The Company has communicated with KPMG Huazhen in advance on the matter of the newly hired auditor, and KPMG Huazhen has no objection to this. KPMG Huazhen has confirmed that to date there are no proposed non-renewals that need to be brought to the attention of the Audit Committee, the Board of Directors of the Company and the shareholders of the Company. The Board of Directors of the Company would like to express its sincere gratitude to KPMG Huazhen for its hard work during the years of providing audit services to the Company. In accordance with the relevant provisions of the China Certified Public Accountants Auditing Standard No. 1153, PwC Zhongtian communicated with KPMG Huazhen and agreed to accept the Company's entrustment. The former accounting firm will actively do a good job in relevant communication and cooperation in a timely manner in accordance with the requirements of the "China Certified Public Accountants Auditing Standard No. 1153".

3. Change the procedures performed by the accounting firm

1. Opinion of the Audit Committee

The Audit Committee of the Board of Directors of the Company has fully understood and reviewed PwC Zhongtian's professional competence, investor protection ability, independence and integrity status, and believes that the auditors involved in the audit have the professional knowledge and relevant professional certificates required for the implementation of the audit work, have the qualifications to engage in securities-related business, can follow the independent, objective and impartial professional standards in the process of practice, objectively, fairly and fairly reflect the company's financial situation and operating results, and effectively perform the duties of the audit institution. Agreed to propose to the Board the appointment of PwC Zhongtian as the auditor of the Company's 2021 financial reporting and internal controls. It also agreed to submit the proposal to the Board of Directors for consideration.

2. The independent directors' prior approval and independent opinion on the appointment of the accounting firm

The independent directors issued a prior approval opinion on the appointment of the accounting firm: PwC Zhongtian has the experience and ability to provide audit services for listed companies, can meet the company's 2021 corporate audit requirements, and agrees to submit the "Proposal on Rehiring the Company's Auditor" to the eighth meeting of the company's fourth board of directors for consideration.

The independent directors of the Company expressed an independent opinion on the proposal to appoint an accounting firm: the independent directors of the Company unanimously believed that PwC Zhongtian has the qualifications of performing securities and futures-related business audits approved by the Ministry of Finance and the China Securities Regulatory Commission, has many years of ability and experience in providing audit services for listed companies, can evaluate the company's financial situation and internal control situation independently, objectively and impartially, and can meet the requirements of the company's 2021 annual financial report and internal control audit work. Moreover, the deliberation procedure for the re-appointment of the accounting firm complies with the provisions of the Company Law and other laws and regulations, normative documents and the Articles of Association of the Company, and there is no harm to the interests of the company and its shareholders, especially the interests of small and medium-sized shareholders. Agreed to appoint PwC Zhongtian as the Company's 2021 annual auditor and submit it to the General Meeting of Shareholders for consideration.

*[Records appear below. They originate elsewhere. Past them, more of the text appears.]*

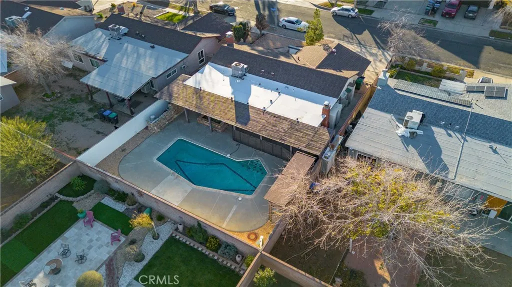 This home features an open kitchen with a dining area leading into the family room with a fireplace to keep you cozy and warm. The living area offers tile floors and a large wall of custom shelves. Beautiful view from the family room looking out over the fabulous backyard. Spacious in-ground pool, with new pool pump, huge spa, and new removable pool fencing. Patio cover, great for relaxing. Master bedroom has a sliding door leading to the backyard pool and spa. The house has newer exterior paint and custom stone facade, with water-wise desert landscaping. Garage has indoor/outdoor carpet and custom cabinets for storage on all walls. Centrally located to schools and shopping! This home shows true pride of ownership, schedule a viewing with your realtor today!
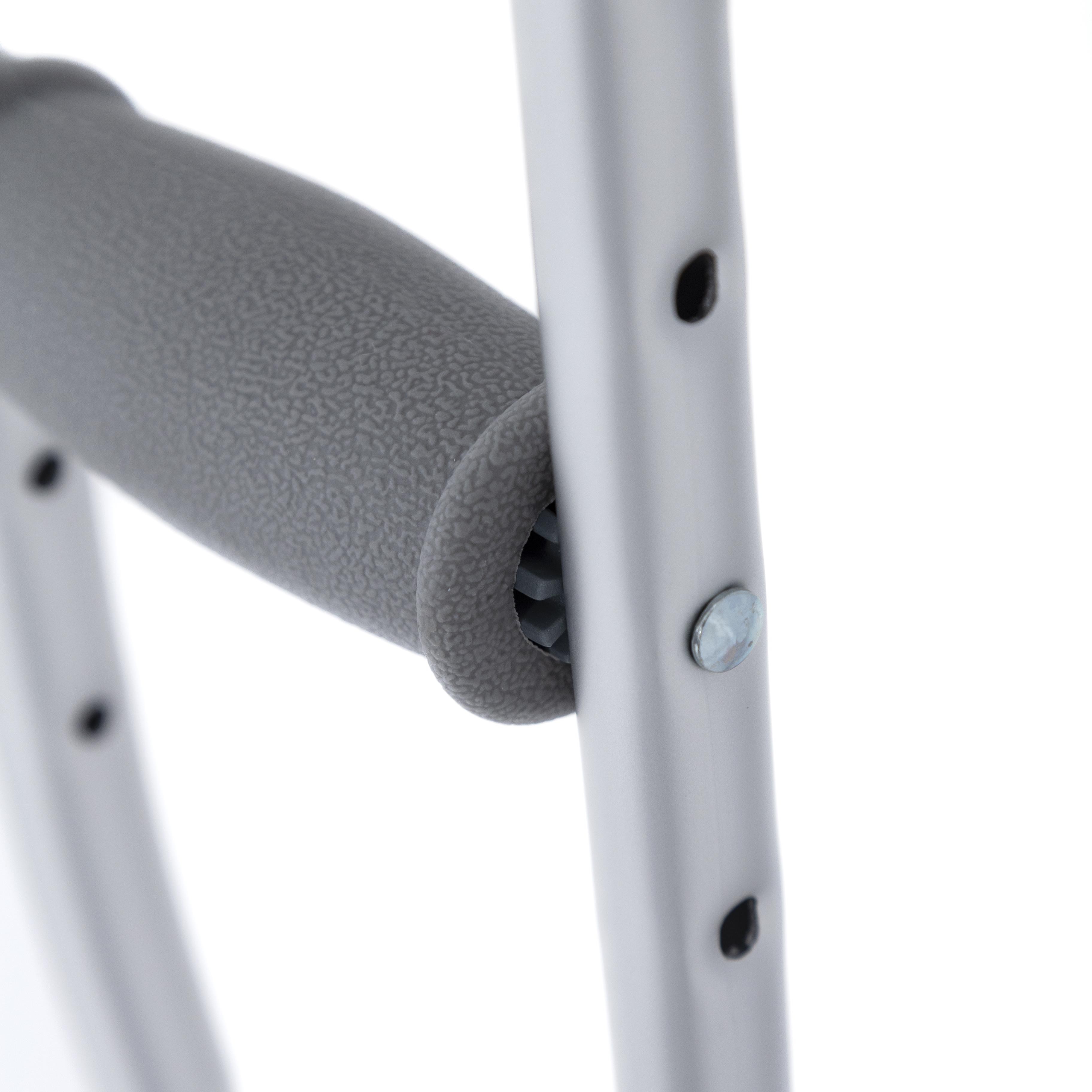 Altura regulable en 9 posiciones, adaptándose a diferentes estaturas. Empuñadura ajustable en 5 niveles, optimizando la comodidad del usuario. Conteras antideslizantes de 22 mm, mejorando la seguridad y estabilidad. Diseño ergonómico, reduciendo la presión en las axilas y las manos. Estructura resistente y ligera, ideal para uso diario.
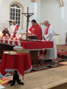 Luego se dio inicio a la Eucaristía que fue presidida por el Párroco el P. Alex Gallardo, concelebrado por el P. Andrés de Beer, acompañados por su diácono. El Padre Alex, quien también animó con la guitarra, expresó que “fue un momento grato de compartir con una buena participación de los fieles, donde realmente sentíamos la presencia del Espíritu Santo en nuestros corazones”. Durante la misa cada comunidad presentó en procesión hacía el altar un signo que representaba cada uno de los siete dones del Espíritu Santo.
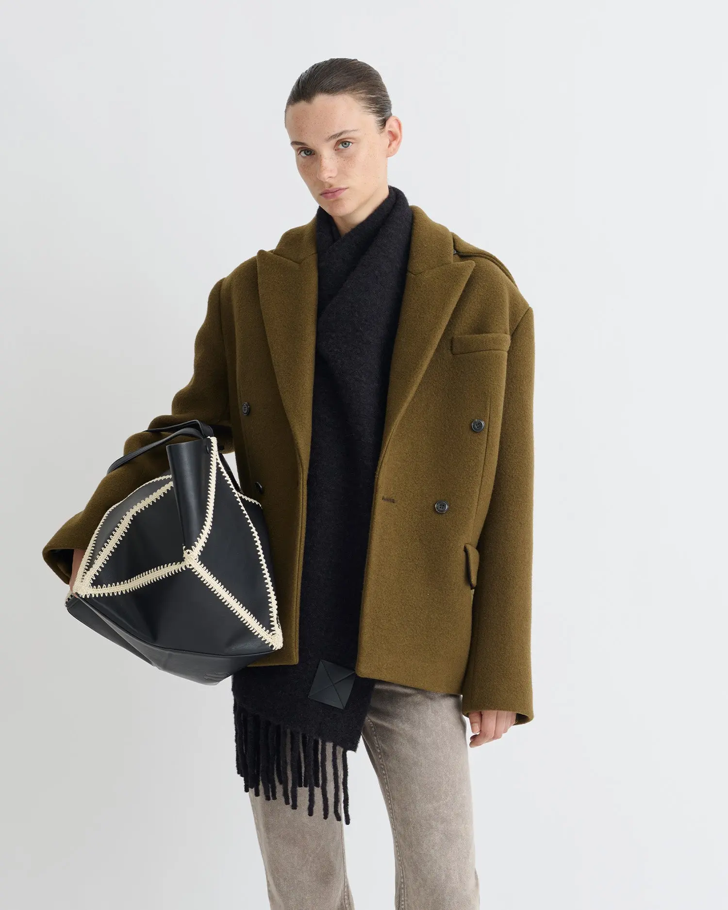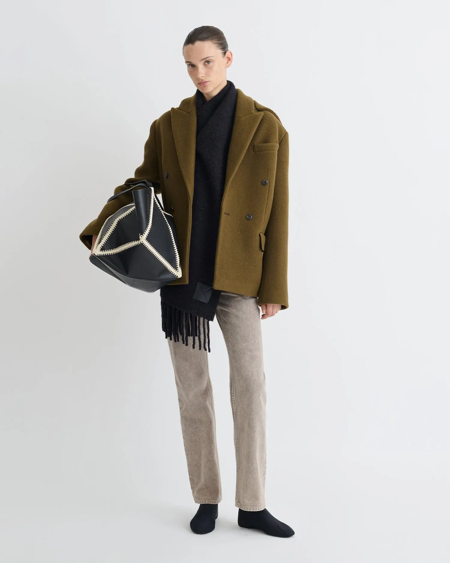 The Brione Blazer is cut from aged felted wool in a brown hue and features a detachable hood and oversized shape. This piece embodies Fall-Winter 25’s approach to injecting transitional tailoring with an architectural edge.
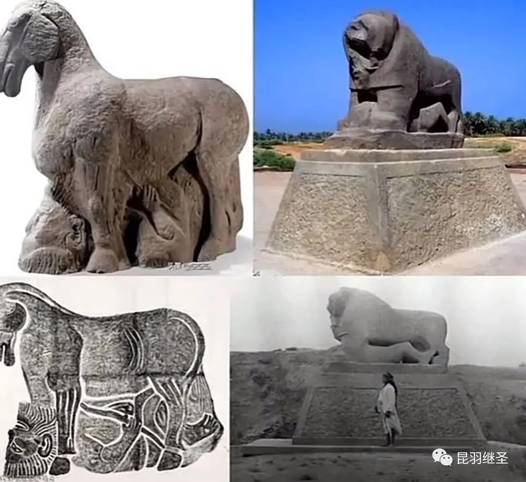 图一,左边的是西汉的雕塑,距今2200年左右;右边的是古巴比伦的雕塑,距今大约4000年。
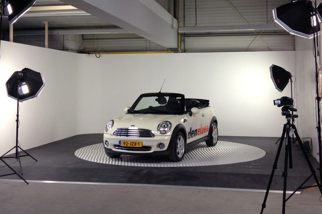 Photographing cars is a time-consuming activity, especially when you do it outside or in a corner of the showroom. And the results are often far from perfect: colours that don’t come out right, too much or too little light and an inconsistent background.
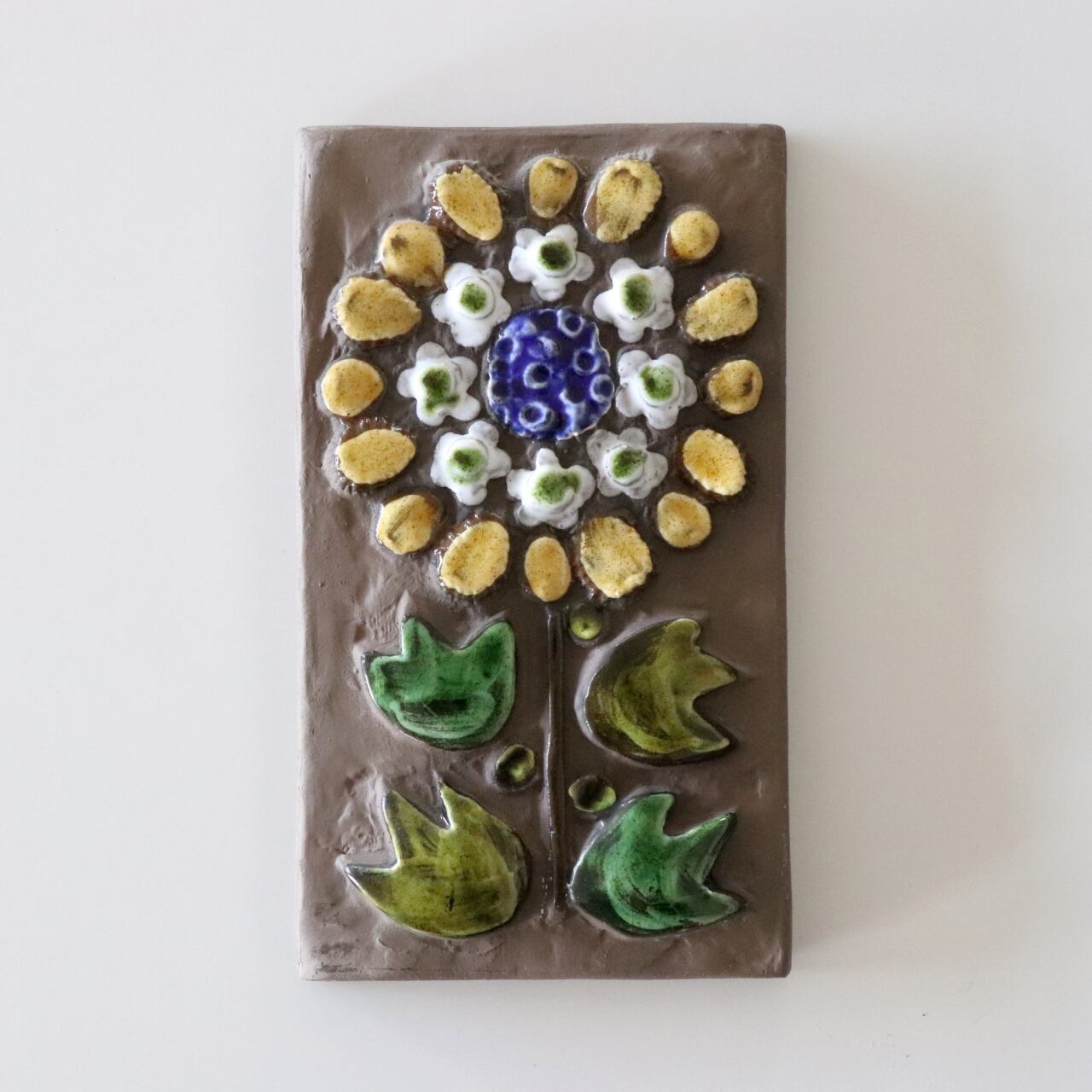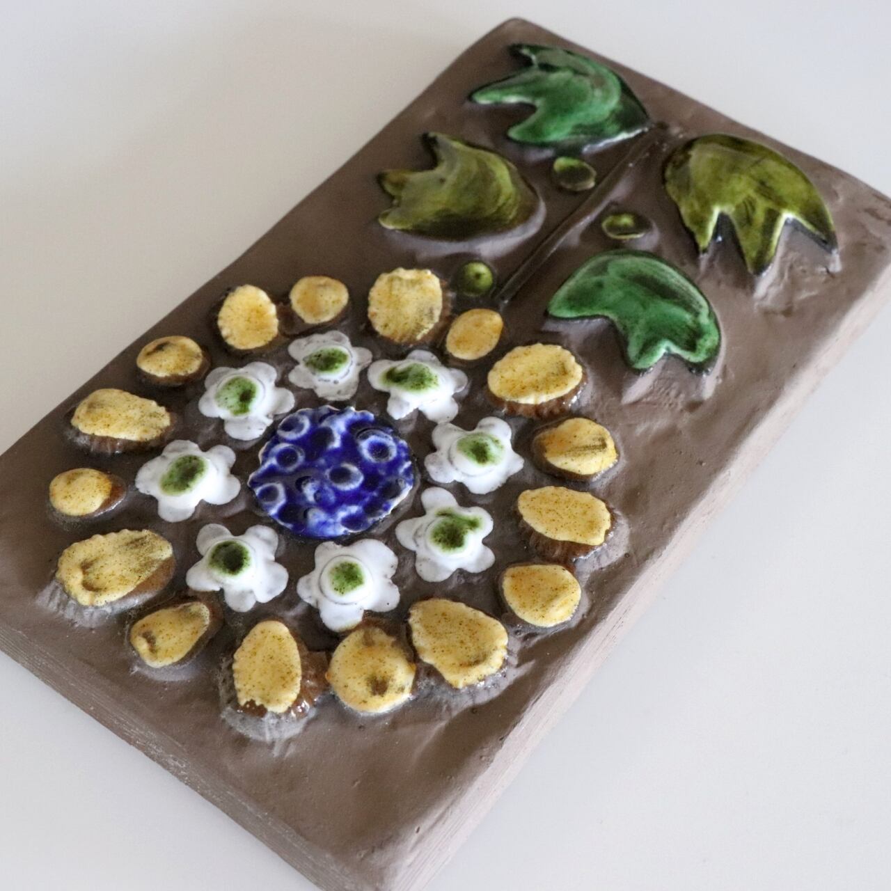 スウェーデンの陶器会社ジィガントフタ(jie gantofta)製の陶板。意匠化された花が華やかに咲き誇る陶板。 壁掛けが出来るよう背面に紐が通せる穴が開いています。
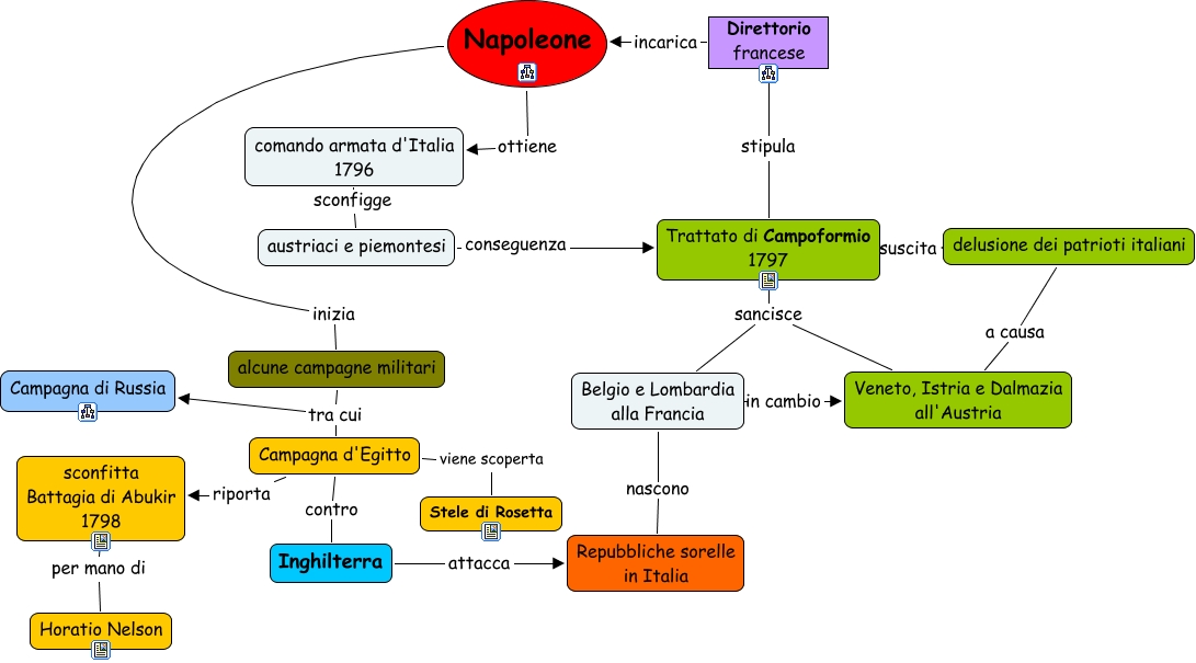 Questa Cmap, creata con IHMC CmapTools, contiene informazioni relative a: Napoleone_esordi, alcune campagne militari tra cui Campagna di Russia, Belgio e Lombardia alla Francia in cambio Veneto, Istria e Dalmazia all'Austria, Trattato di Campoformio 1797 sancisce Veneto, Istria e Dalmazia all'Austria, austriaci e piemontesi conseguenza Trattato di Campoformio 1797, comando armata d'Italia 1796 sconfigge austriaci e piemontesi, alcune campagne militari tra cui Campagna d'Egitto, Direttorio francese stipula Trattato di Campoformio 1797, Campagna d'Egitto viene scoperta Stele di Rosetta, Napoleone inizia alcune campagne militari, Belgio e Lombardia alla Francia nascono Repubbliche sorelle in Italia, Campagna d'Egitto riporta sconfitta Battagia di Abukir 1798, sconfitta Battagia di Abukir 1798 per mano di Horatio Nelson, Direttorio francese incarica Napoleone, Campagna d'Egitto contro Inghilterra, Napoleone ottiene comando armata d'Italia 1796, Inghilterra attacca Repubbliche sorelle in Italia, Trattato di Campoformio 1797 suscita delusione dei patrioti italiani, delusione dei patrioti italiani a causa Veneto, Istria e Dalmazia all'Austria, Trattato di Campoformio 1797 sancisce Belgio e Lombardia alla Francia
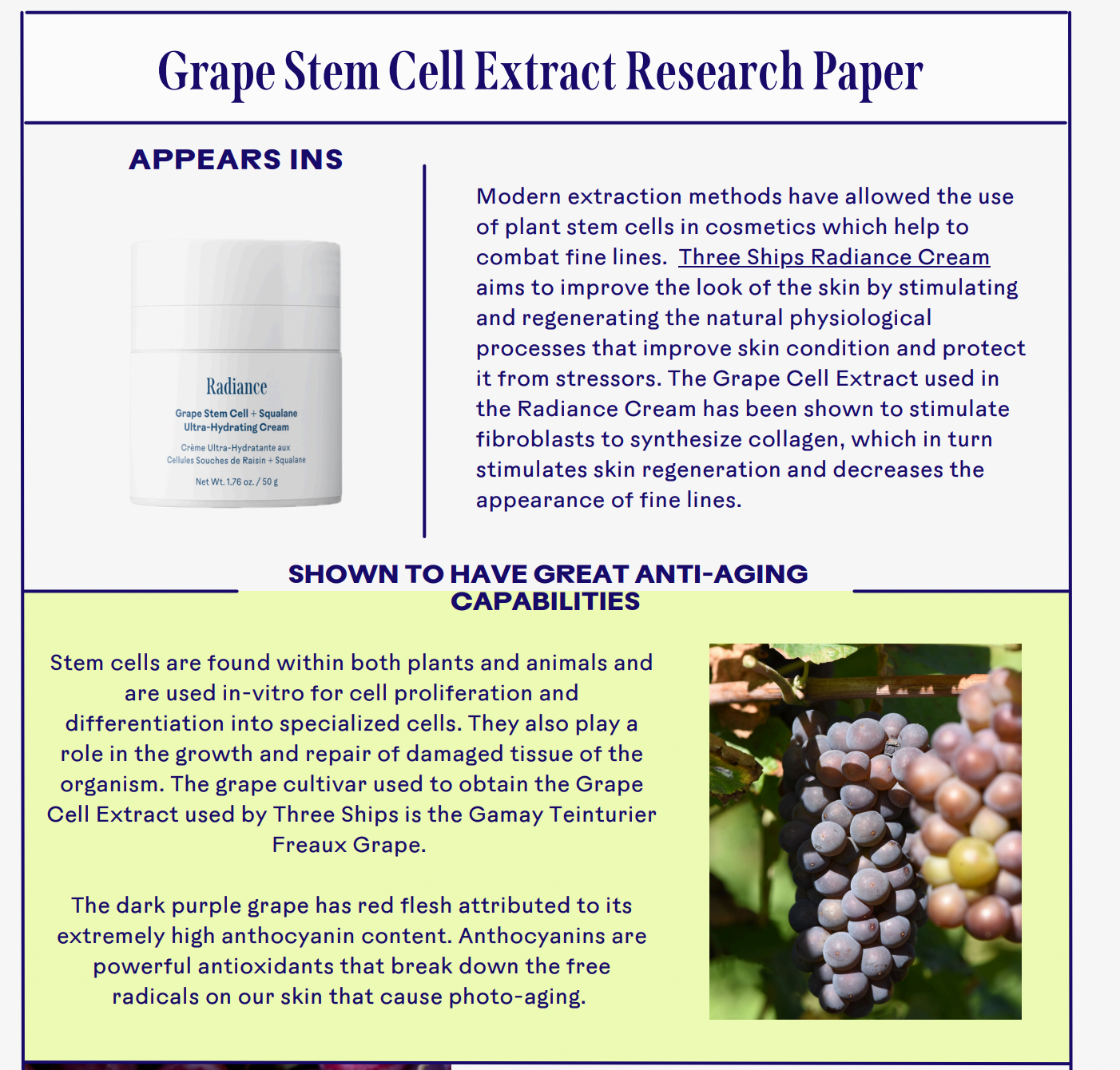 Radiance de Three Ships - Crème ultra-hydratante aux cellules souches de raisin et au squalane
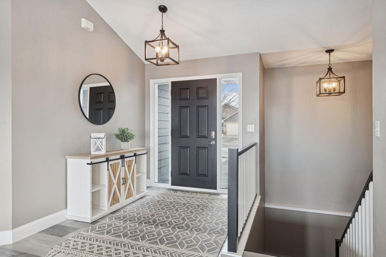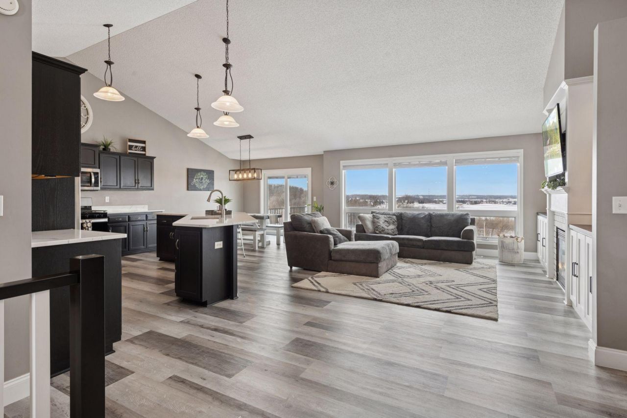 Exceptional value awaits in this clean and fully updated 5BR/4BA walkout rambler situated on a premium lot w/ unparalleled views of the river valley and Belle Plaine. Step inside to a spacious layout highlighted by soaring vaulted ceilings, oversized windows that flood the home with natural light, a cozy living room fireplace w/ hand crafted built-ins, a well-design kitchen w/ quartz countertops, walk-in pantry & a massive center island perfect for gathering, dining room w/ deck access, a convenient mudroom right off the garage w/ laundry & powder room, an owner's suite w/ private bath, and two additional bedrooms that share a 3rd bathroom. The U-shaped stairway leads to a fully finished lower level that continues to impress with a custom wet bar w/ granite (basically a 2nd kitchen), a spacious family room w/ custom floor-to-ceiling accent wall, game room, another two bedrooms and 4th bath w/ custom tile walk-in shower, and a den for private office or additional storage needs. Outside extras include a front stamped concrete patio, upgraded garage doors, concrete driveway, and a fenced backyard w/ playset, a fresh walkout concrete patio & dedicated fire pit, 2021 built composite deck?making it the perfect space for children, pets and entertaining. This property is turn-key and ready to welcome its next owners ? come experience the views and amenities for yourself.

3. Opinion of the Board of Directors

The Company held the eighth meeting of the fourth session of the Board of Directors on April 26, 2021, deliberated and passed the "Proposal on Re-appointment of the Company's Auditor", and all the Directors unanimously agreed to appoint PricewaterhouseCoopers Zhongtian Certified Public Accountants (Special General Partnership) as the auditor of the Company's 2021 annual financial reports and internal control.

4. The appointment of an accounting firm is subject to the deliberation of the company's general meeting of shareholders and shall take effect from the date of deliberation and approval by the company's general meeting of shareholders.